:: AVAILABLE DATA

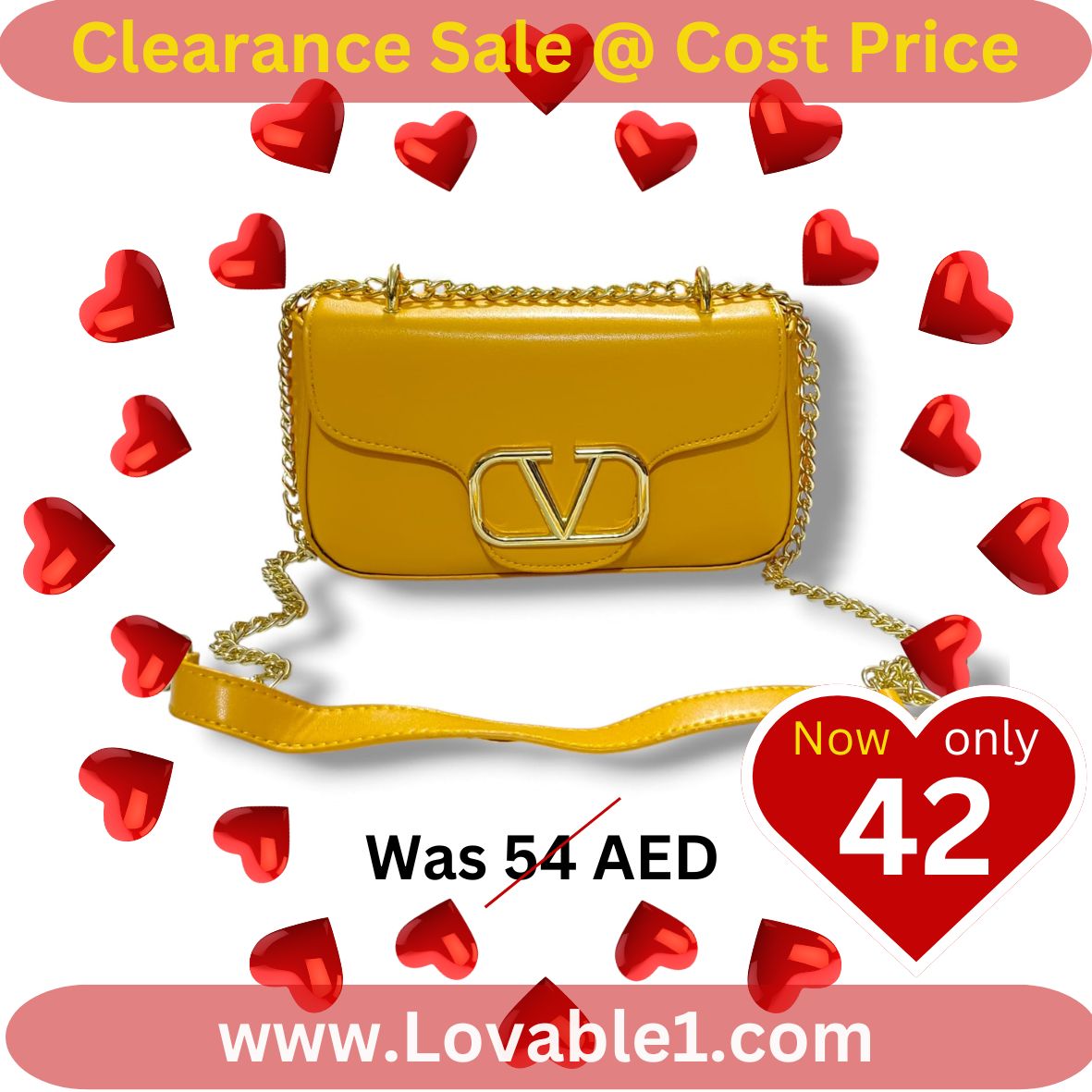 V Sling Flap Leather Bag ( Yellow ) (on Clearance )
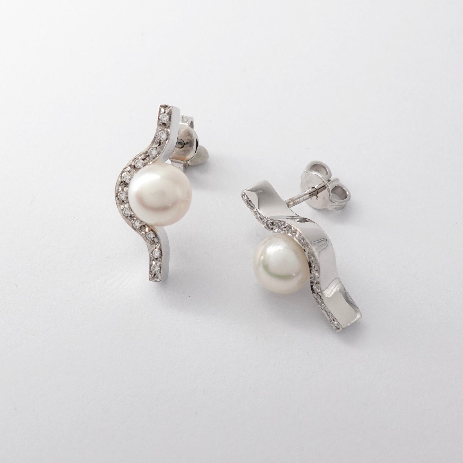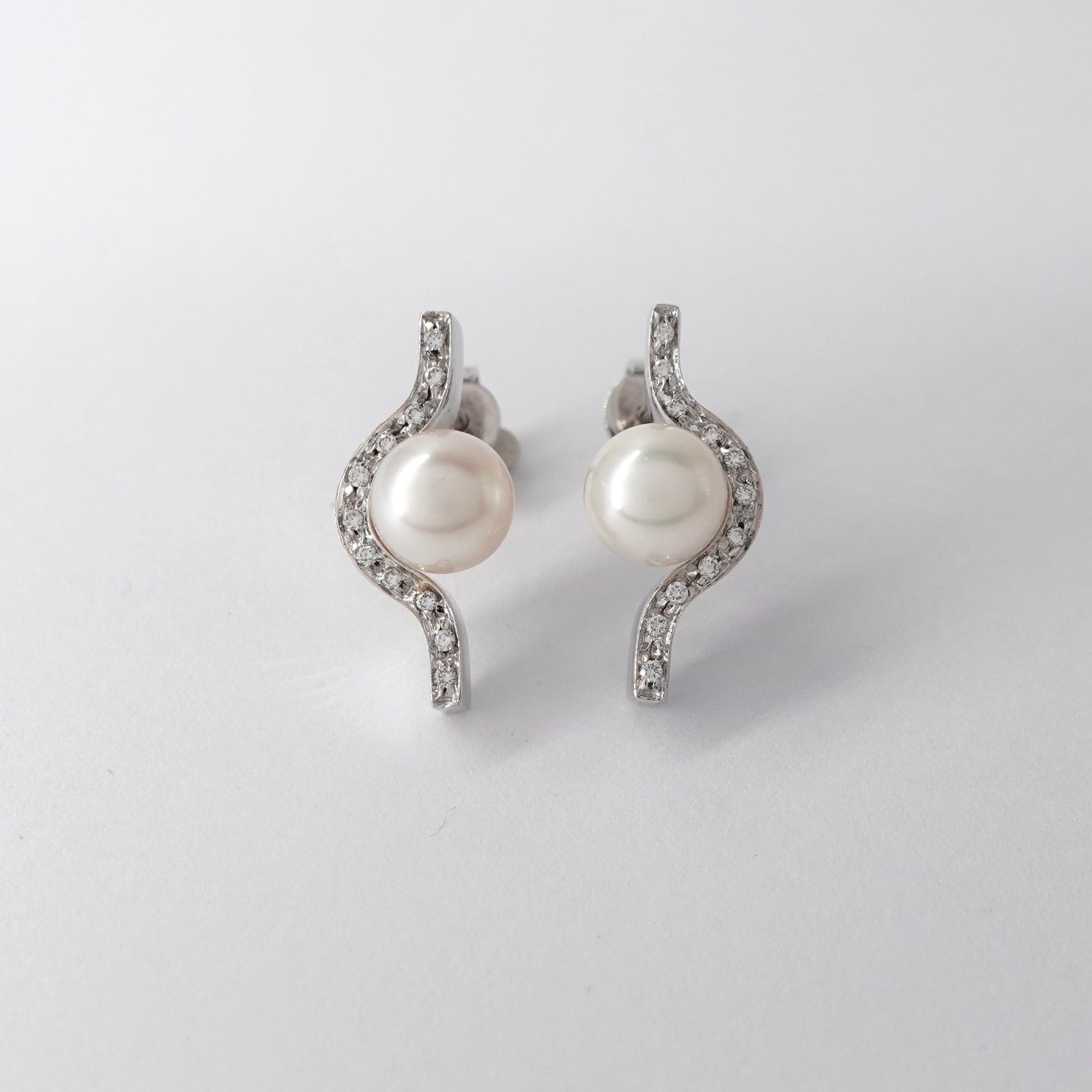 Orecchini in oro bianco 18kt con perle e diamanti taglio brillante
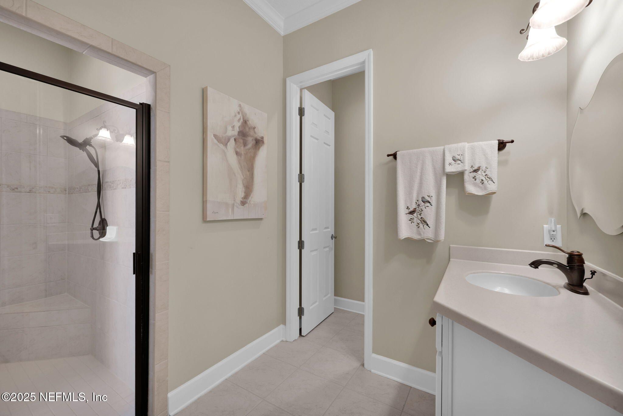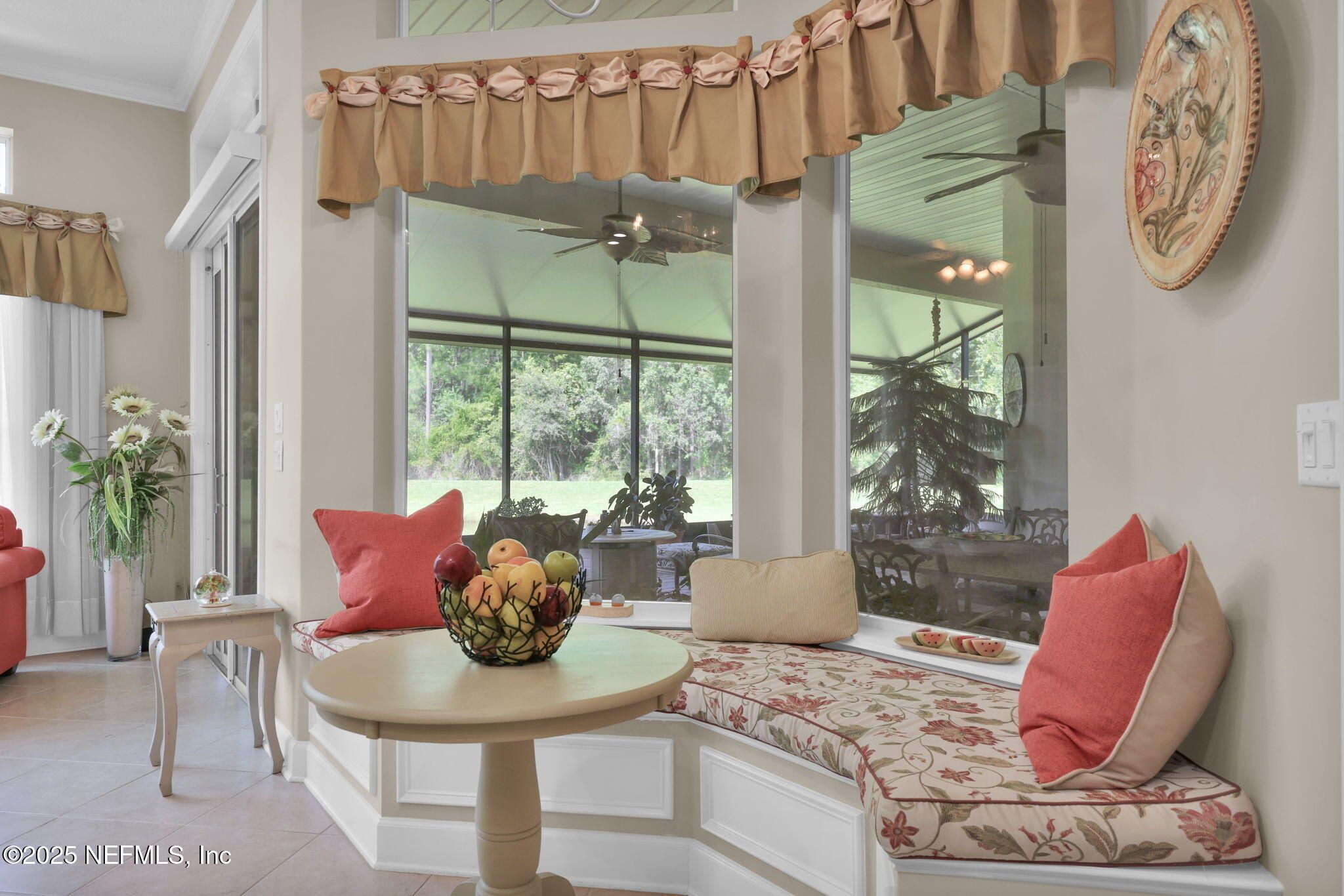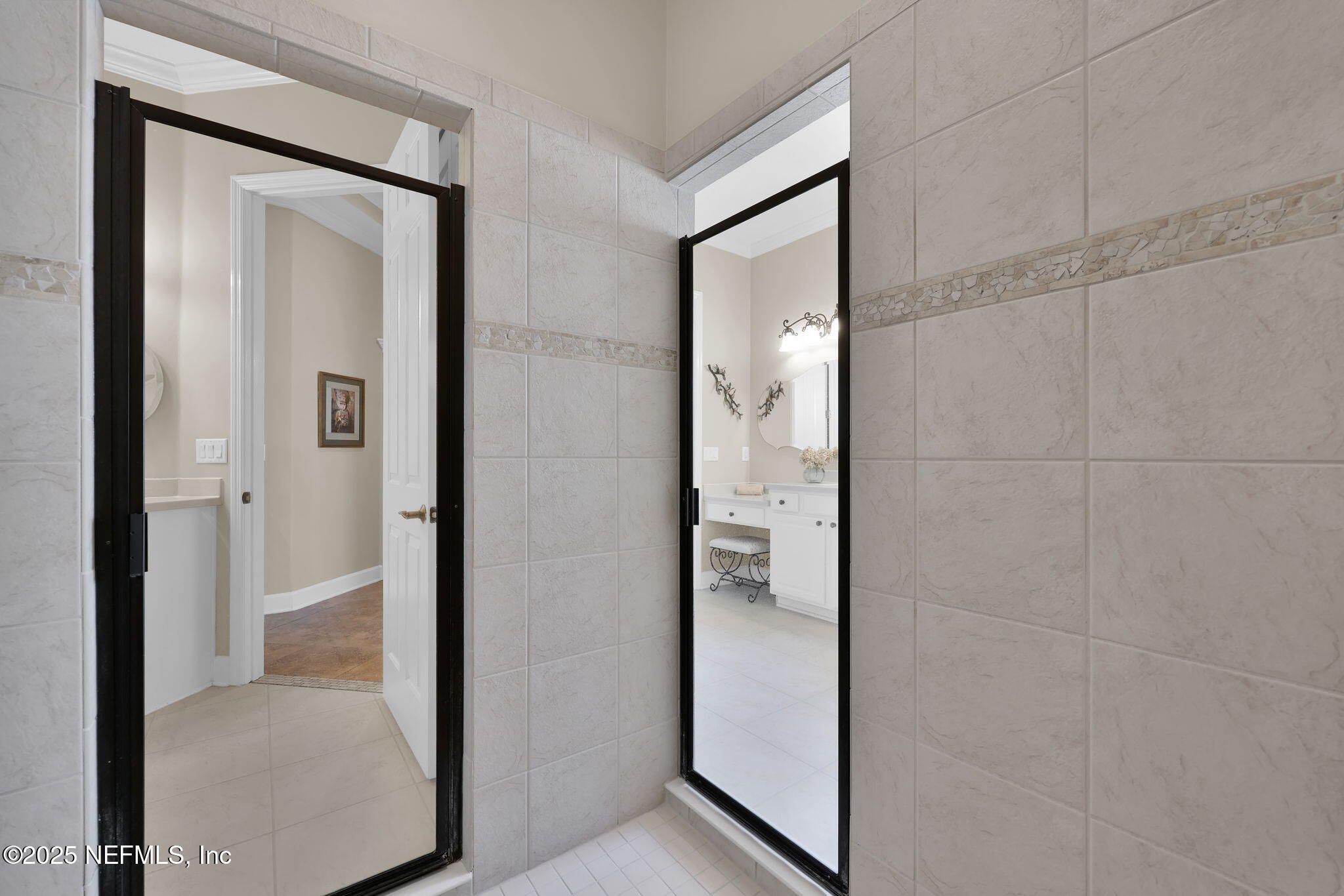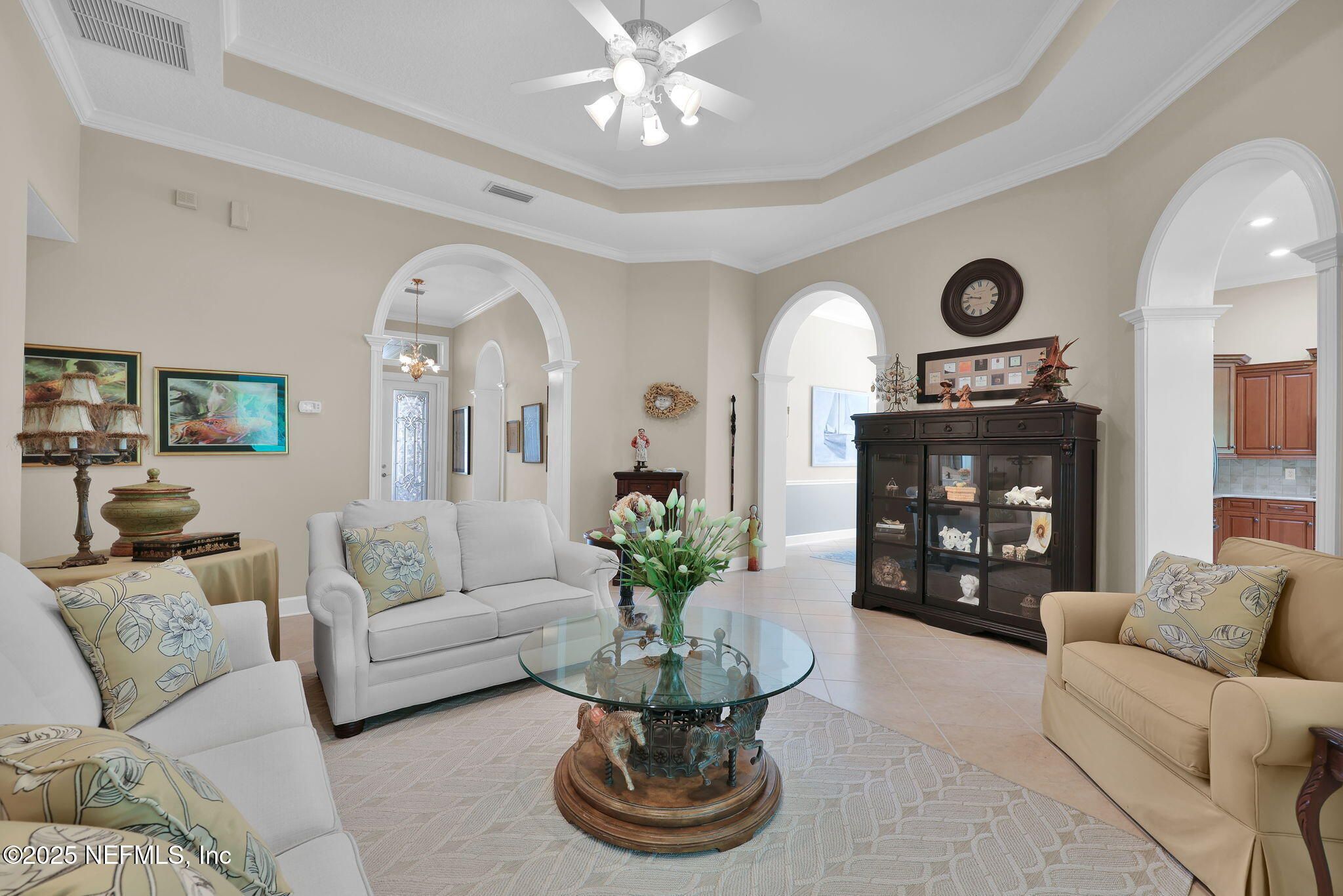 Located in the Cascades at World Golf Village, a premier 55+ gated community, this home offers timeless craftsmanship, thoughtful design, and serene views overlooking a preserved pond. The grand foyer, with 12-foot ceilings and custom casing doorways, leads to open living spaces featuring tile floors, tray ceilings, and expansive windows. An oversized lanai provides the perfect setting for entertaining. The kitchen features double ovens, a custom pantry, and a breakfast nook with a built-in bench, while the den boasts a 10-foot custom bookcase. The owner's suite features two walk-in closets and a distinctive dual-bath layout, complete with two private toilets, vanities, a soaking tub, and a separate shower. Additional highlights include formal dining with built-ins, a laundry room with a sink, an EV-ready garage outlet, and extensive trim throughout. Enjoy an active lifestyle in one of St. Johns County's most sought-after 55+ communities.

::::

#### PROBLEM TO WORK ON
Once the images are dropped, set down the remaining material word for word.

#### OUTPUT BELOW
 V Sling Flap Leather Bag ( Yellow ) (on Clearance )
 Orecchini in oro bianco 18kt con perle e diamanti taglio brillante
 Located in the Cascades at World Golf Village, a premier 55+ gated community, this home offers timeless craftsmanship, thoughtful design, and serene views overlooking a preserved pond. The grand foyer, with 12-foot ceilings and custom casing doorways, leads to open living spaces featuring tile floors, tray ceilings, and expansive windows. An oversized lanai provides the perfect setting for entertaining. The kitchen features double ovens, a custom pantry, and a breakfast nook with a built-in bench, while the den boasts a 10-foot custom bookcase. The owner's suite features two walk-in closets and a distinctive dual-bath layout, complete with two private toilets, vanities, a soaking tub, and a separate shower. Additional highlights include formal dining with built-ins, a laundry room with a sink, an EV-ready garage outlet, and extensive trim throughout. Enjoy an active lifestyle in one of St. Johns County's most sought-after 55+ communities.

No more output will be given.